9. Augmenter la longueur moyenne des énoncés (LMÉ) et cibler l’acquisition de nouveaux morphèmes (l’auteur parle des 14 morphèmes de Brown’s, en anglais) sont des objectifs d’intervention appropriés. 

10. Les habiletés de séquençage (« sequencing » : remettre des histoires en séquence dans le bon ordre) sont importantes pour soutenir les habiletés en discours narratif.

Vous voulez les réponses ??? Roulement de tambour…

Seul l’énoncé 8 est VRAI. Les autres sont tous faux. Les explications pour chaque énoncé, ci-bas…!

Un brin de méthodologie: Dans cet article, l’auteur fait la recension des écrits en lien avec chacun des 10 énoncés/mythes. Les sujets incluent les principes d’apprentissage, la généralisation, l’intensité et la fréquence optimale des traitements, les objectifs grammaticaux et la priorisation des objectifs pour des élèves qui présentent des difficultés de langage et d’apprentissage. 

Résultats:

L’auteur entame ses explications avec le principe général suivant:  Les contextes, les moyens et les activités de thérapie qui favorisent un des gains rapides dans la performance des enfants à court terme résultent souvent en échec dans la rétention et le transfert à long terme (généralisation, apprentissage réel).
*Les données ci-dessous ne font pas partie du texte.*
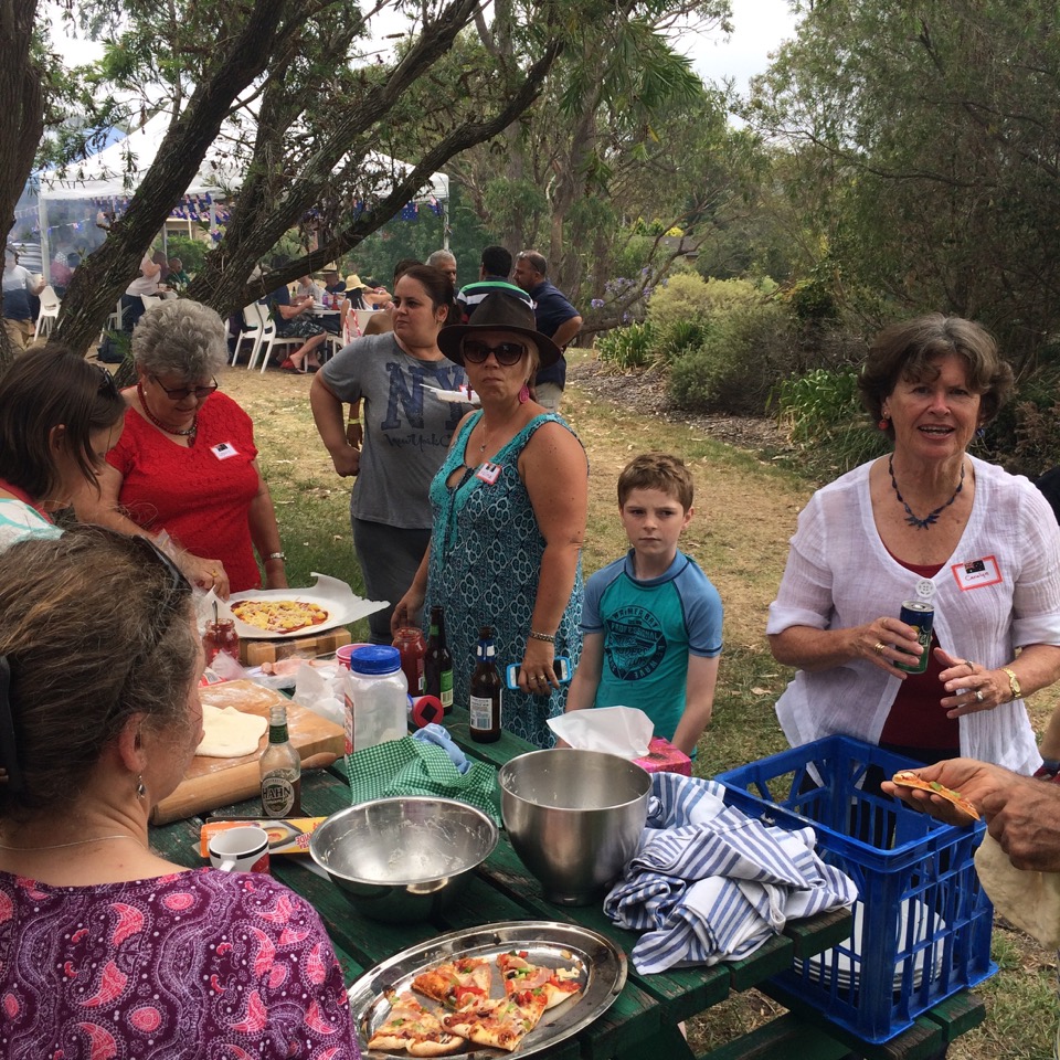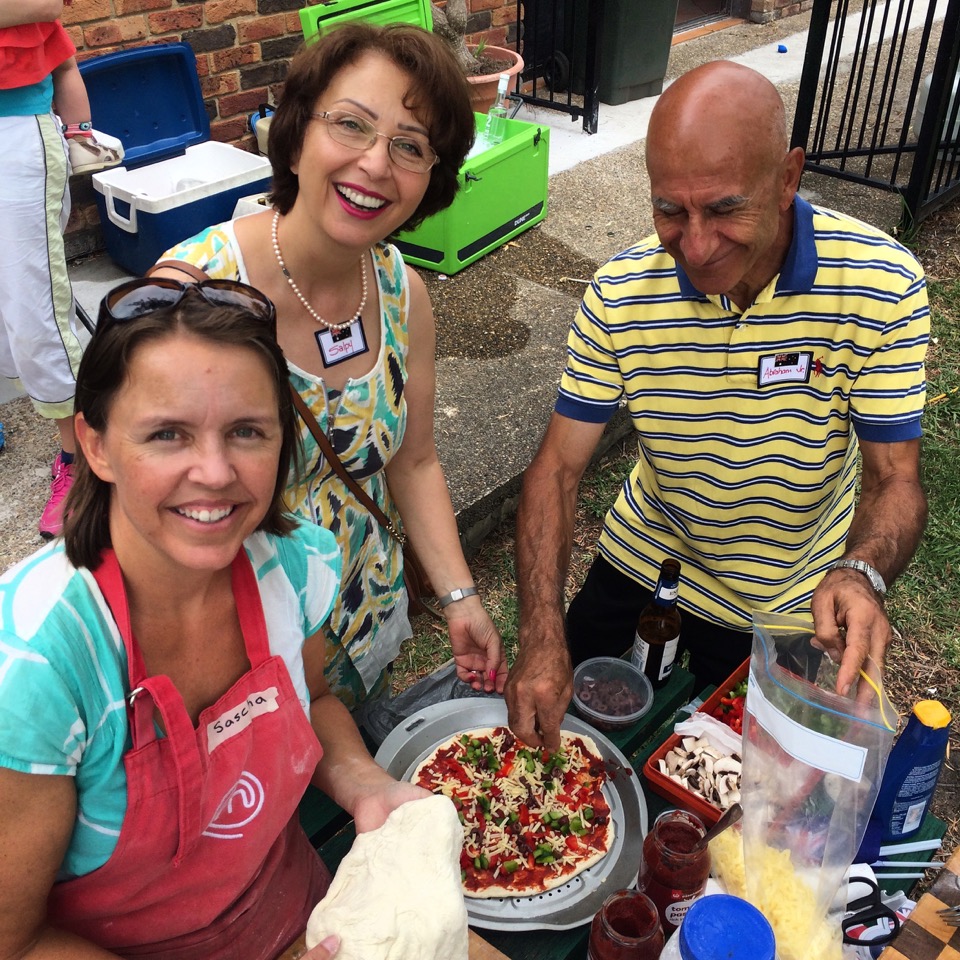 This Australia Day we celebrated with some of the amazing people who have brought this project together – they are Australians with Polish, American, German, Syrian, Armenian, British and European backgrounds, some who have arrived as, or were children of, refugees themselves. Tony BBQ’d some of his stunning home made Merridong Haloumi cheese, his neighbours slow cooked the most tender lamb I have ever tasted, and we learnt some great Armenian and Syrian BBQ tips – including using a hair-drier to get the coals hotter, faster and lining your serving plates with flat bread to soak up all the meat juices. Whilst kids repeatedly launched themselves down a giant slip’n’slide made of sand bags and builders plastic in the park, the pizza oven was fired up and a united nations of volunteers production lined a variety of toppings into a tasty array of toasted treats.

Inversement, les conditions d’enseignement qui semblent susciter des difficultés pour l’apprenant, et qui souvent ne montrent pas d’effets immédiats ou à court terme, sont celles qui optimisent plutôt la rétention et le transfert des habiletés à long terme. Ces difficultés portent même le nom de « difficultés désirables » (desirable difficulties).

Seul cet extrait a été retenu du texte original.